Сгущались сумерки, близилась ночь.
— Вот что, — сказал дядя Федя. — Тут в километре отсюда заимка. Старушка там одна живет. У нее заночуем. А утром я в деревню сбегаю за подмогой.
Мы взяли свои чемоданы, и дядя Федя повел нас через лес. Вскоре мы вышли на поляну. Там стояла маленькая приземистая избушка и еще было несколько дворовых построек. Всё как следует не разглядеть, уже совсем стемнело. В окошке горел свет. Дядя Федя вошел в сени и кивком пригласил нас. Из сеней мы попали в комнату, единственную в избе. К потолку была подвешена керосиновая лампа, за столом сидела пожилая женщина и рядом с ней девушка. Или девчонка.
— Здоров, баб Нюр! — выпалил наш провожатый.
— Здравствуй, Федя. Чегой-то ты на ночь глядя?
— Машина сломалась. Переночевать пустишь?
— Вас троих?
— Ага.
— Да где ж я вас положу? Внучка, вона, к мине погостить приехала. А кроватей у мине тока две.

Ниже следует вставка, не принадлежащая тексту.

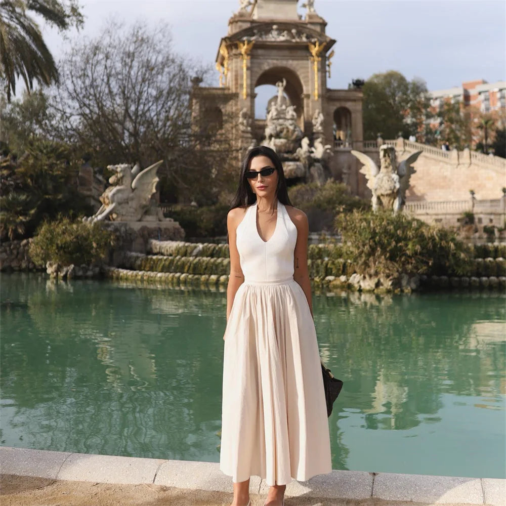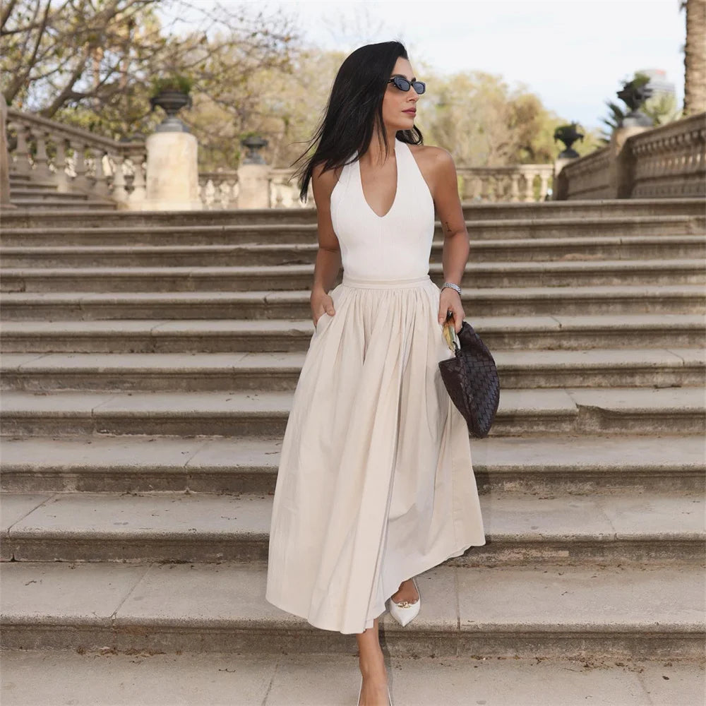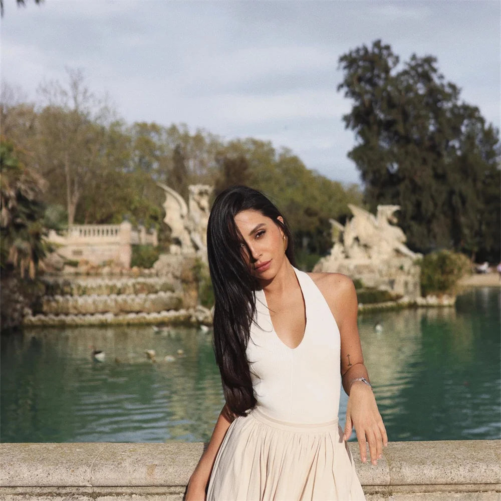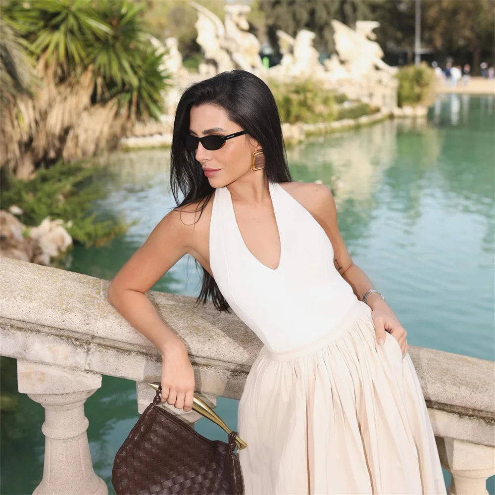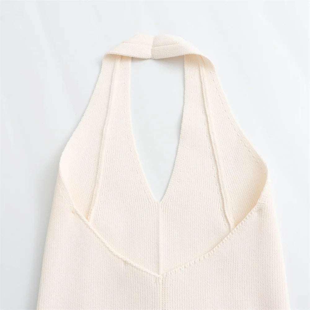 Women French Versatile Hanging Neck Knitted Short Top Backless Vest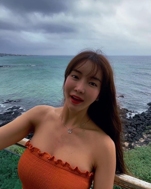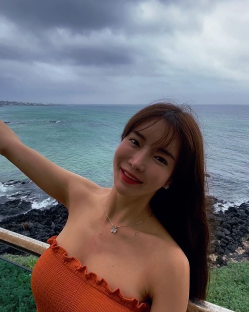 写真を見ると、海をバックに自撮りをするチューブトップ姿のアン・シネが写っている。空は厚い雲に覆われていたものの、韓国屈指のリゾート地である済州島で束の間の休日を楽しんだ模様だ。

— Ничего. Мы с Николаем (так звали моего папу) на сеновале ляжем. Все равно я с рассветом в деревню пойду. А уж паренька пристрой как-нибудь.
— Ну ладно. Садитеся к столу, сейчас ужинать будем.
Баба Нюра поставила на стол чугунок с картошкой в мундире, плошку сметаны и кувшин с молоком. Папа достал из своего багажа поллитровку. Взрослые выпили и о чем-то беседовали, а девчонка изредка поглядывала на меня и украдкой показывала язык. Поужинав, стали укладываться. Папа с дядей Федей ушли на сеновал, баба Нюра принялась стелить постели.
Девушку звали Зина. Она была мне ровесница или чуть старше. Плотненькая, рыжеволосая, с веснушками на лице и с двумя косичками. Узкий сарафан вырисовывал её маленькую грудь, облегал талию и весьма аппетитную попку. Из-под подола торчали сбитые до ссадин коленки.
— Вот тута, обои ляжете, — сказала баба Нюра, закончив стелить на большой металлической кровати.
— Чего?! — возмутилась Зина. — Мне с ним спать?
— Ну не на пол же его класть. Дует, щели вона какие! Мышь пролезет. Ничего, валетом ляжете, ночь переспите. А то хошь, со мной ложися. Тока у мине кровать узкая, а ента вона — полуторка. Мы еще с твоим покойным дедом на ей спали.
— Ладно, — нехотя согласилась Зина.
Баба Нюра погасила лампу, легла на свою кровать за печкой, задернула занавеску.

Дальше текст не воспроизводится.